SUPPLIED MATERIAL:
◆ ◆ ◆ ◆ ◆

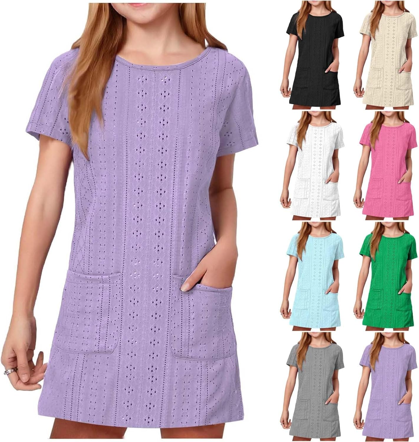 Girls Short Sleeve Eyelet Dresses Crew Neck Mini Shift Dress with Pockets Summer Beach Vacation Casual Dress
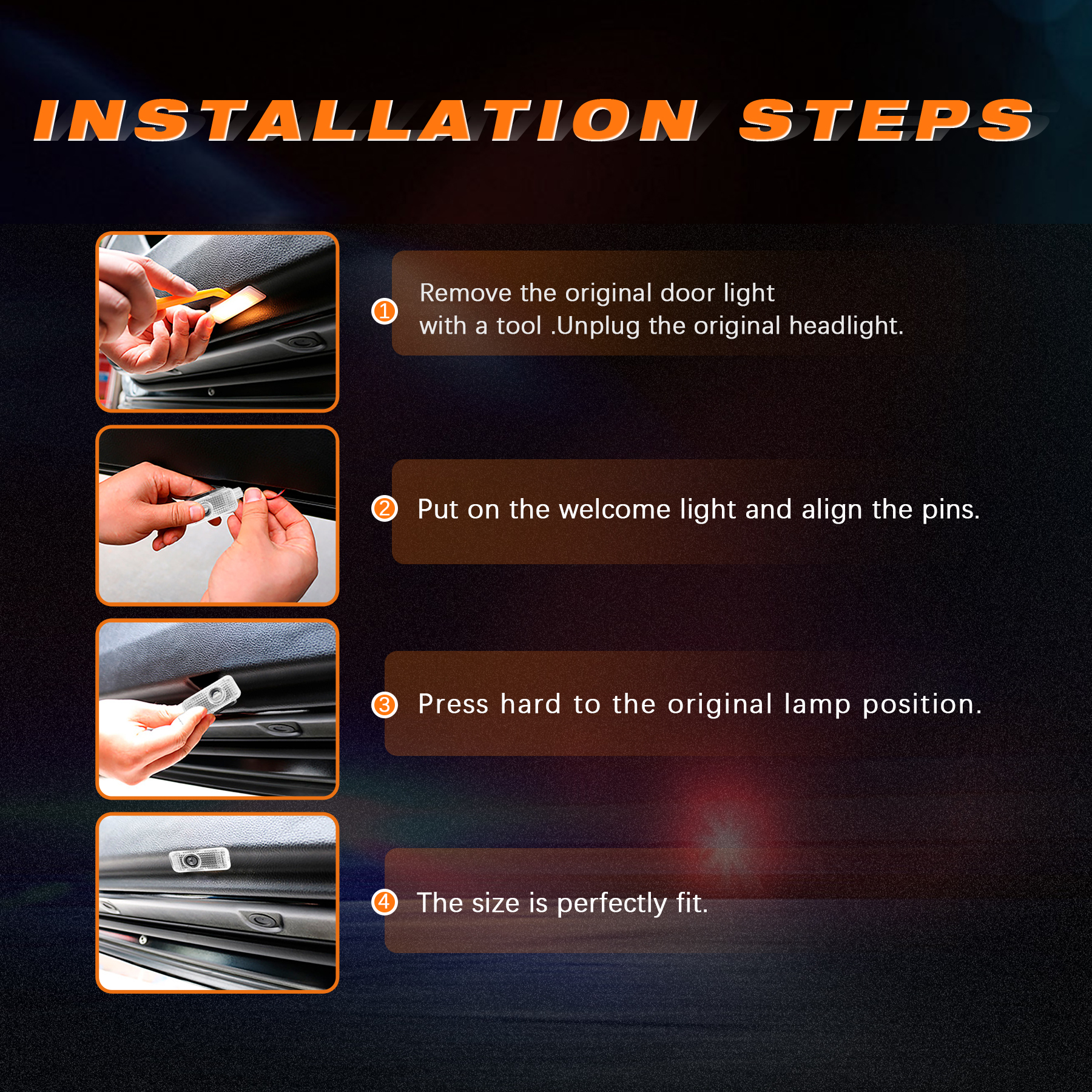 [Seamless Installation] Directly replace the original door lights of your car, no need to drill holes or cut wires to enjoy the super bright projection lights.
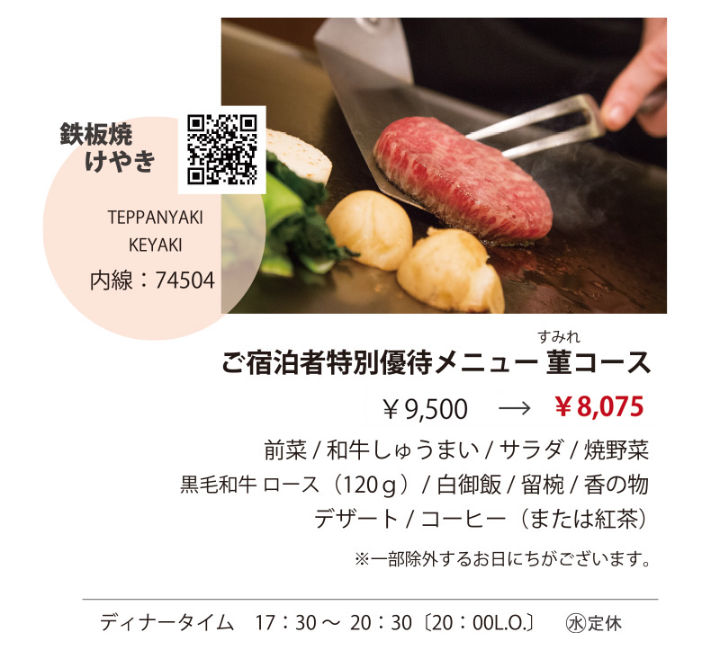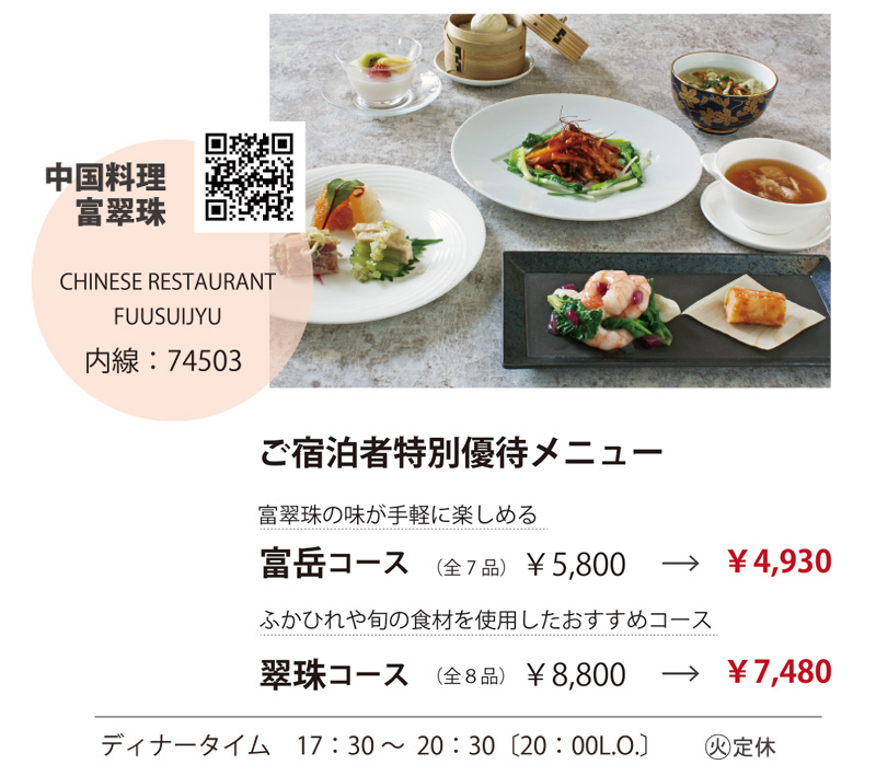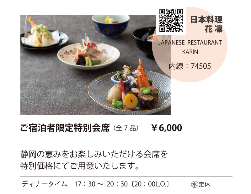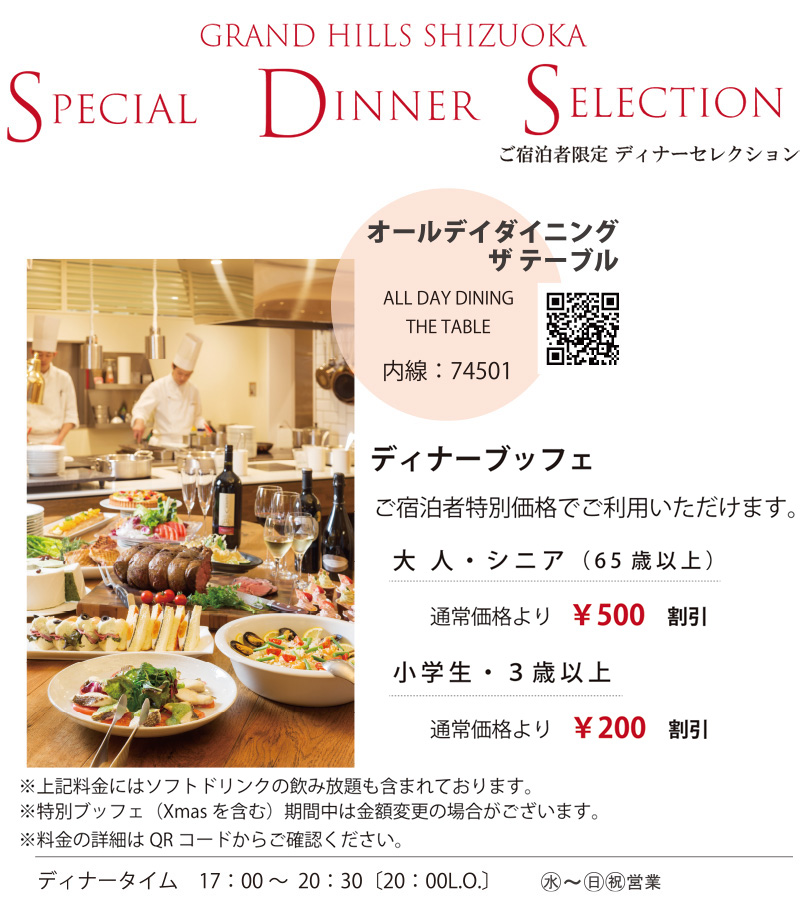 / 最終更新日 : 2026年2月16日 ホテルグランヒルズ静岡 2026年2月16日 ご宿泊者専用ページ レストラン・バー ご優待 ご滞在中のサービス / ご朝食 お得なレストラン・バー ご優待 ※2026.3.20~31は菫コースをお休みいたします。 ※上記期間は「立葵コース」12,000円を【15%割引】10,200円でご優待いたします。 【ご注意】 *イベント開催時など一部除外日がございます。 *詳細は各店舗までお問い合わせください。 *サービス料・消費税込の料金です。 *各種ご優待、特典との併用はできません。 *写真はイメージです。 《TOPに戻る》
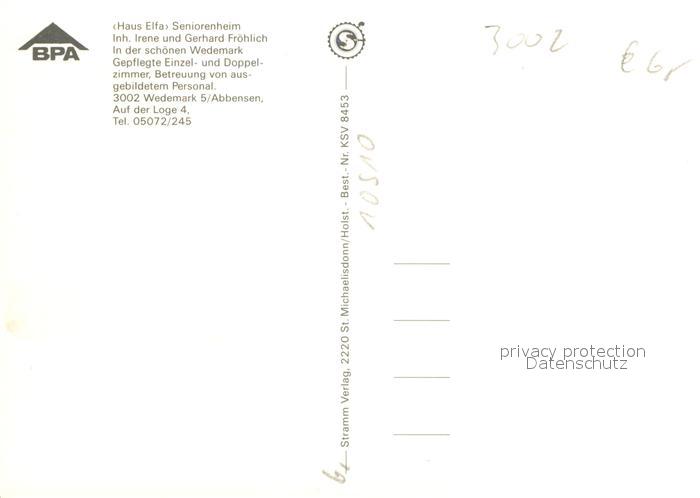 73641557 Abbensen Wedemark Seniorenheim Haus Elfa postalisch nicht gelaufen Erhaltung siehe scans [FriedD77] KatCode: 11110003241019
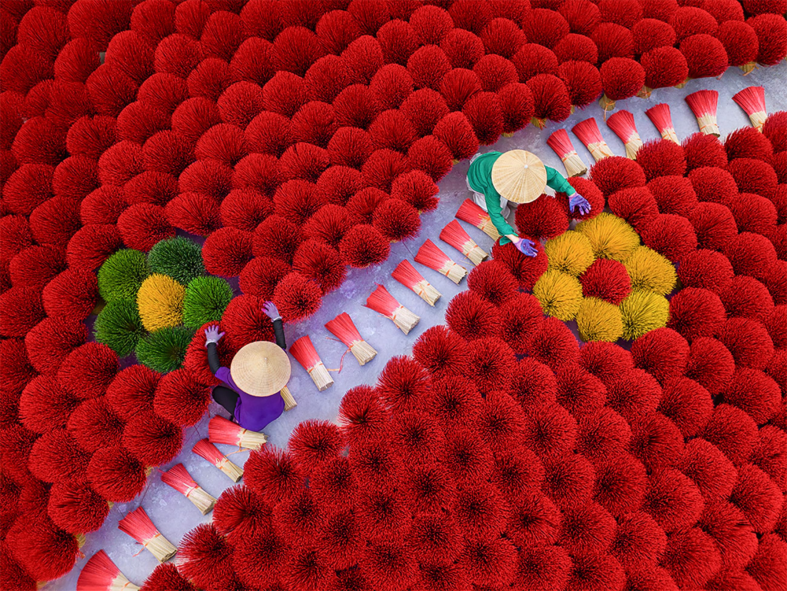 Workers dry colourful incense before taking it to sell at the market. The incense is dried on the ground, where it takes on the form of beautiful flowers. According to Vietnamese tradition, incense connects the present world with the spiritual world.
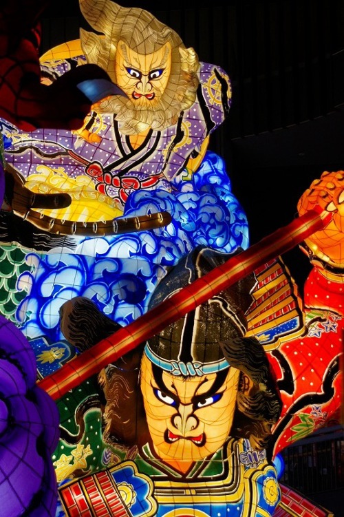 【立佞武多】と呼ばれる、高さ約22m、重さ約17トンの巨大な山車が「ヤッテマレ!ヤッテマレ!」の掛け声のもと、五所川原市街地を練り歩き、その圧倒的迫力で沿道の観客を魅了しています。 |
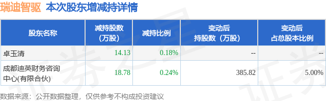 证券之星消息,11月27日瑞迪智驱发布公告《瑞迪智驱:关于公司股东股份减持计划届满的公告》,其股东卓玉清、成都迪英财务咨询中心(有限合伙)于2025年9月2日至2025年11月26日间合计减持32.91万股,占公司目前总股本的0.4265%,变动期间该股股价下跌22.4%,截止11月26日收盘报71.84元。
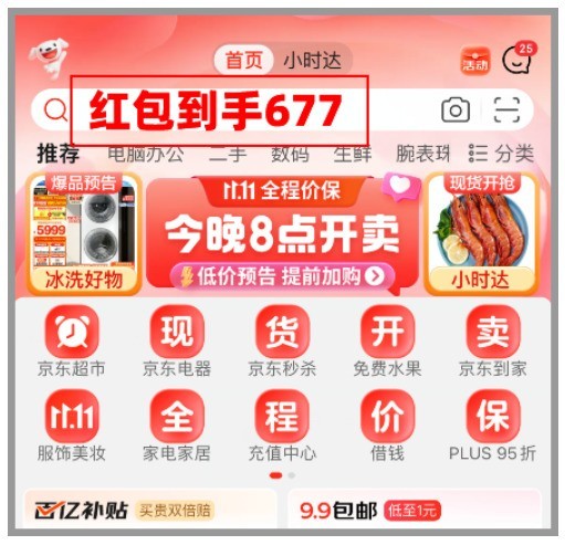 在2023年京东双十一11活动时间内,在京东上搜索双11红包领取口令「红包到手677」搜索进入即可领取成功,最高可领11111元京享红包。
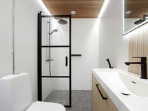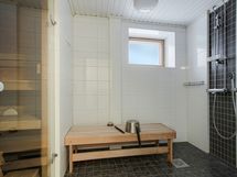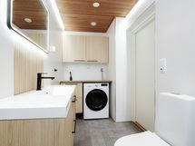 - Varusteet: WC, suihku, suihkuseinä, lattialämmitys, pesukoneliitäntä, allaskaappi, kylpyhuonekaapistot, peili. Iso laajennettu ja hyvin varusteltu kylpyhuone/kodinhoitohuone/wc. WC: Kylpyhuoneen yhteydessä. Varusteet: lattiaan asennettu WC, bidee
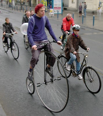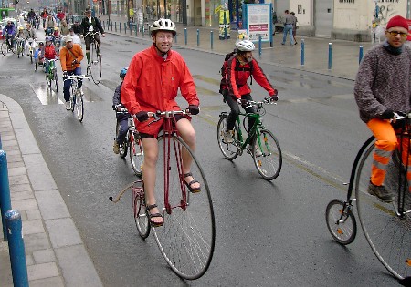 Von dort ging es dann über die gesperrte Mariahilferstraße Richtung Technisches Museum. Und alles voller Radfahrer - und soviele Hochradfahrer. Es war wirklich beeindruckend und - trotz des leidigen Wetters - schön.
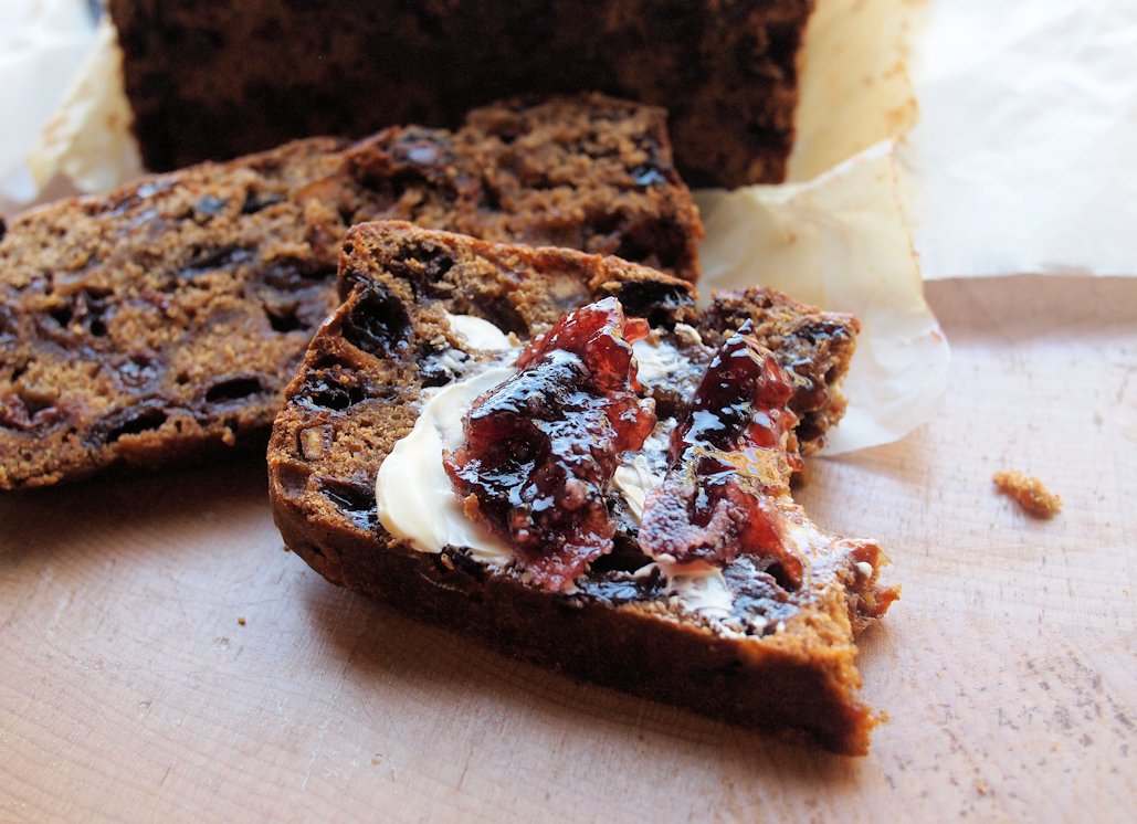 I love low-fat tea loaves – they make me wonder what the butter and sugar in Christmas cakes is actually contributing! Have never tried one with jam though, sounds so good.
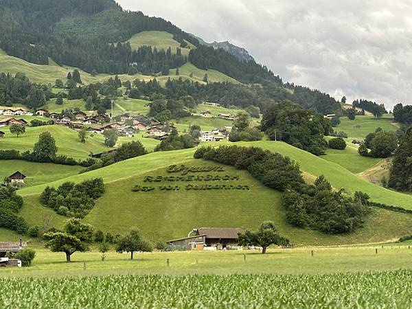 伯尼爾州弗魯第根下西門塔爾行政區的一個市鎮,綠色山坡上有字,

◆ ◆ ◆ ◆ ◆

DIRECTIONS:
Please print an exact copy of the records, with no pictures.

YOUR RESPONSE:
 Girls Short Sleeve Eyelet Dresses Crew Neck Mini Shift Dress with Pockets Summer Beach Vacation Casual Dress
 [Seamless Installation] Directly replace the original door lights of your car, no need to drill holes or cut wires to enjoy the super bright projection lights.
 / 最終更新日 : 2026年2月16日 ホテルグランヒルズ静岡 2026年2月16日 ご宿泊者専用ページ レストラン・バー ご優待 ご滞在中のサービス / ご朝食 お得なレストラン・バー ご優待 ※2026.3.20~31は菫コースをお休みいたします。 ※上記期間は「立葵コース」12,000円を【15%割引】10,200円でご優待いたします。 【ご注意】 *イベント開催時など一部除外日がございます。 *詳細は各店舗までお問い合わせください。 *サービス料・消費税込の料金です。 *各種ご優待、特典との併用はできません。 *写真はイメージです。 《TOPに戻る》
 73641557 Abbensen Wedemark Seniorenheim Haus Elfa postalisch nicht gelaufen Erhaltung siehe scans [FriedD77] KatCode: 11110003241019
 Workers dry colourful incense before taking it to sell at the market. The incense is dried on the ground, where it takes on the form of beautiful flowers. According to Vietnamese tradition, incense connects the present world with the spiritual world.
 【立佞武多】と呼ばれる、高さ約22m、重さ約17トンの巨大な山車が「ヤッテマレ!ヤッテマレ!」の掛け声のもと、五所川原市街地を練り歩き、その圧倒的迫力で沿道の観客を魅了しています。 |
 证券之星消息,11月27日瑞迪智驱发布公告《瑞迪智驱:关于公司股东股份减持计划届满的公告》,其股东卓玉清、成都迪英财务咨询中心(有限合伙)于2025年9月2日至2025年11月26日间合计减持32.91万股,占公司目前总股本的0.4265%,变动期间该股股价下跌22.4%,截止11月26日收盘报71.84元。
 在2023年京东双十一11活动时间内,在京东上搜索双11红包领取口令「红包到手677」搜索进入即可领取成功,最高可领11111元京享红包。
 - Varusteet: WC, suihku, suihkuseinä, lattialämmitys, pesukoneliitäntä, allaskaappi, kylpyhuonekaapistot, peili. Iso laajennettu ja hyvin varusteltu kylpyhuone/kodinhoitohuone/wc. WC: Kylpyhuoneen yhteydessä. Varusteet: lattiaan asennettu WC, bidee
 Von dort ging es dann über die gesperrte Mariahilferstraße Richtung Technisches Museum. Und alles voller Radfahrer - und soviele Hochradfahrer. Es war wirklich beeindruckend und - trotz des leidigen Wetters - schön.
 I love low-fat tea loaves – they make me wonder what the butter and sugar in Christmas cakes is actually contributing! Have never tried one with jam though, sounds so good.
 伯尼爾州弗魯第根下西門塔爾行政區的一個市鎮,綠色山坡上有字,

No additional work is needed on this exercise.